WHAT IS NEEDED:
Only a slice of the listing below is wanted. Retype the lines from the one containing "Microsoft опубликовала новую" through the one containing "This client wanted", exactly, both ends included.

### LISTED RECORDS

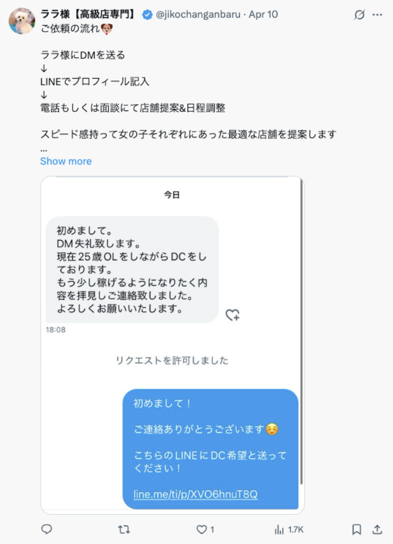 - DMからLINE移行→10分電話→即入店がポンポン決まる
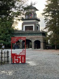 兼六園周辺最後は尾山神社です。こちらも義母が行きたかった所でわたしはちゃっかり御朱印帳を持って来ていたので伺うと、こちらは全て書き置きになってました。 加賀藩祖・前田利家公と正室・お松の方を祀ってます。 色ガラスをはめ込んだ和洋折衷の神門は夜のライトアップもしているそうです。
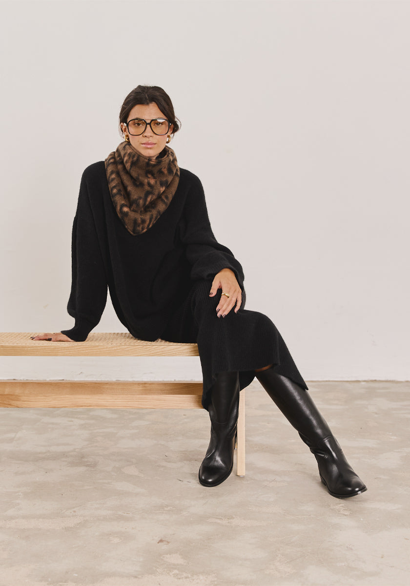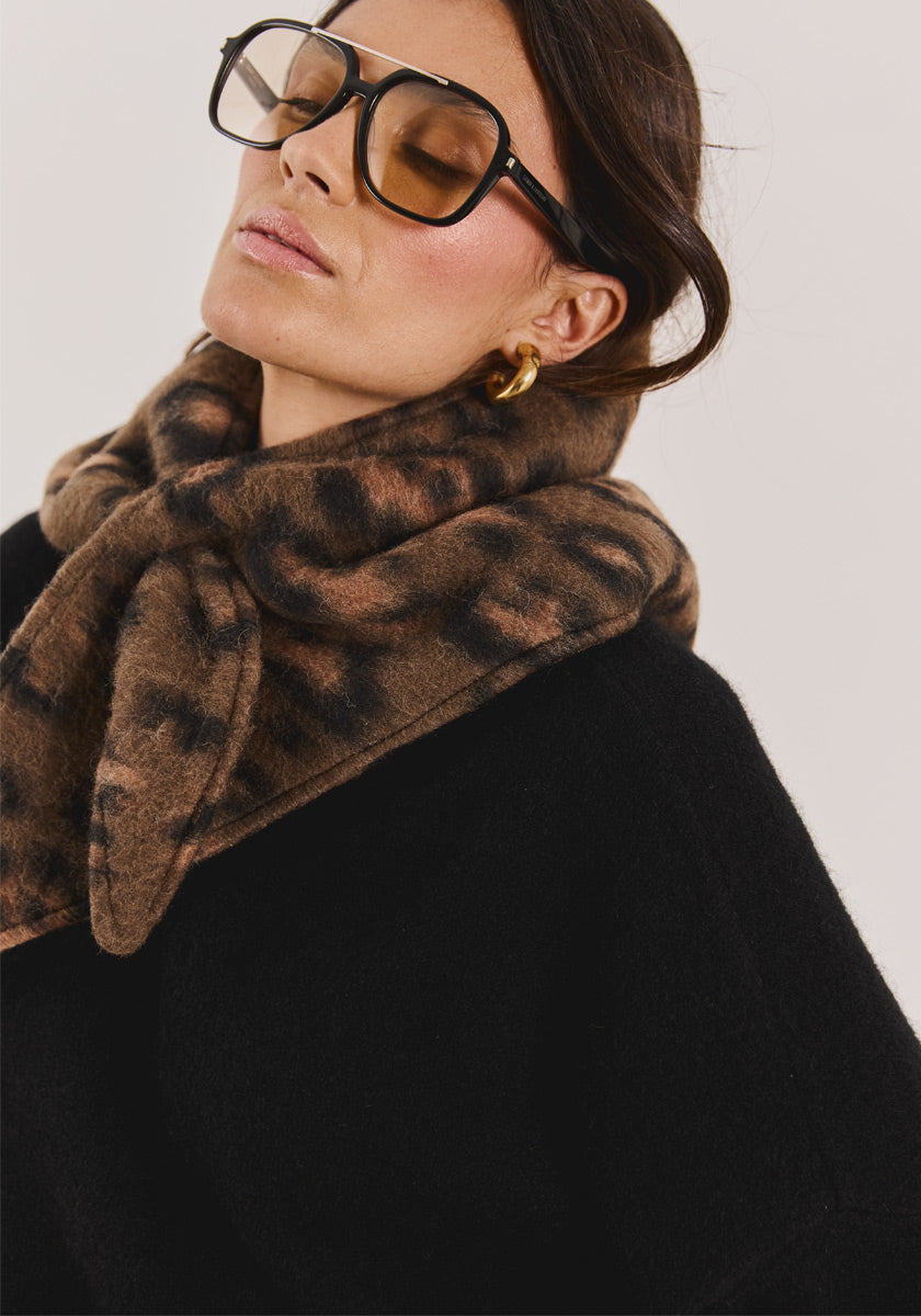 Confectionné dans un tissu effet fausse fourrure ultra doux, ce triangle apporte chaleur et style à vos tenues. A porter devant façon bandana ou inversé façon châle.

######
### LISTED RECORDS

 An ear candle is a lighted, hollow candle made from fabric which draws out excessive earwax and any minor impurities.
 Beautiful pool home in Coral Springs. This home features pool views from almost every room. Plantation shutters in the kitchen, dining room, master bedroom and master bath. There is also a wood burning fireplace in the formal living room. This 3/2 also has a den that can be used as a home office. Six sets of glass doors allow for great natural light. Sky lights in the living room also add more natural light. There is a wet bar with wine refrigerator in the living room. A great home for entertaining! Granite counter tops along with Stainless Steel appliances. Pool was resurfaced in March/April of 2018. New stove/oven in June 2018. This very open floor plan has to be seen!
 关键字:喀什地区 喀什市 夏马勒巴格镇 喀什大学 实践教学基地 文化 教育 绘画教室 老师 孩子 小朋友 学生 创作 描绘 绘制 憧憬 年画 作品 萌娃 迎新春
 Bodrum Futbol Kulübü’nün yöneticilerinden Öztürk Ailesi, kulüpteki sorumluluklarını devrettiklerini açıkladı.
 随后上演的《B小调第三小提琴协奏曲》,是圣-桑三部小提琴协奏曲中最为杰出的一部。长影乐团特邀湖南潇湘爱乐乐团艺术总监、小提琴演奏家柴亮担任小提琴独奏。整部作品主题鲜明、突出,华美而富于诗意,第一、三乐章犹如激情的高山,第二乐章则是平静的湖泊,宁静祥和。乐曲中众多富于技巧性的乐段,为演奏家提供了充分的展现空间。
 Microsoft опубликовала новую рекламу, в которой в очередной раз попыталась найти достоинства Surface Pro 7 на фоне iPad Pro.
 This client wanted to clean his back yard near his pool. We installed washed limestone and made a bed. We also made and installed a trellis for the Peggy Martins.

######
### LISTED RECORDS

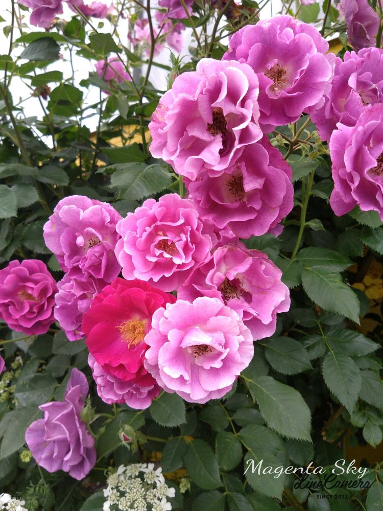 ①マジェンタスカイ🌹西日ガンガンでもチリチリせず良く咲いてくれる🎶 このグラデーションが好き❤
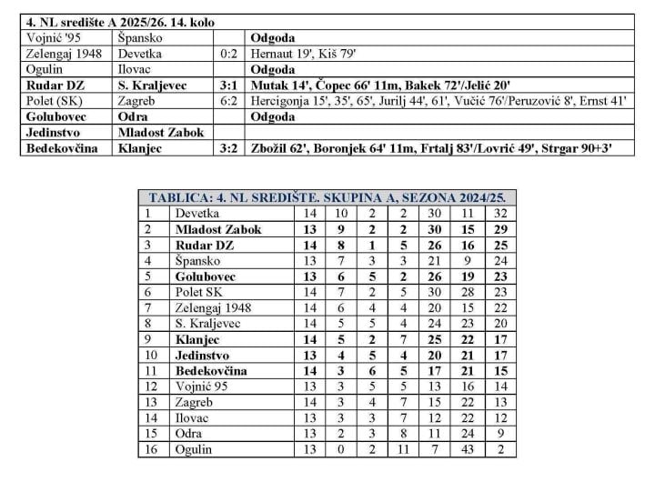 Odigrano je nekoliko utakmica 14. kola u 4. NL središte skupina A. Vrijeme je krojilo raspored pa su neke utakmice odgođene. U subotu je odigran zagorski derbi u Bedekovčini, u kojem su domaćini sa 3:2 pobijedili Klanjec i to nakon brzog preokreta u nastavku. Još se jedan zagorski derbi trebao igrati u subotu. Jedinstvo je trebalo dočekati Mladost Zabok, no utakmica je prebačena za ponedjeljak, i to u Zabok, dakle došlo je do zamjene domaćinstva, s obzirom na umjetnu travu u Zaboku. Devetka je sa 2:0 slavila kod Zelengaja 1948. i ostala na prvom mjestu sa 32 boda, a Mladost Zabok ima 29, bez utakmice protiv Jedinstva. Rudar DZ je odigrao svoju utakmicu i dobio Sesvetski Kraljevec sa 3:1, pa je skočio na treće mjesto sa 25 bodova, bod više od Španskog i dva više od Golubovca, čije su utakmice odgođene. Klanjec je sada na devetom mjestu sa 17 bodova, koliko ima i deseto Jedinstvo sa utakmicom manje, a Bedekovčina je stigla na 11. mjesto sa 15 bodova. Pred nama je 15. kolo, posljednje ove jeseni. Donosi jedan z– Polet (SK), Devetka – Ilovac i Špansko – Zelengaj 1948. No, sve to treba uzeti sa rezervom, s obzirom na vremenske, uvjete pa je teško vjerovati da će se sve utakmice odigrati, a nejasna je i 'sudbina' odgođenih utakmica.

######

RESPONSE TO THE TASK:
 Microsoft опубликовала новую рекламу, в которой в очередной раз попыталась найти достоинства Surface Pro 7 на фоне iPad Pro.
 This client wanted to clean his back yard near his pool. We installed washed limestone and made a bed. We also made and installed a trellis for the Peggy Martins.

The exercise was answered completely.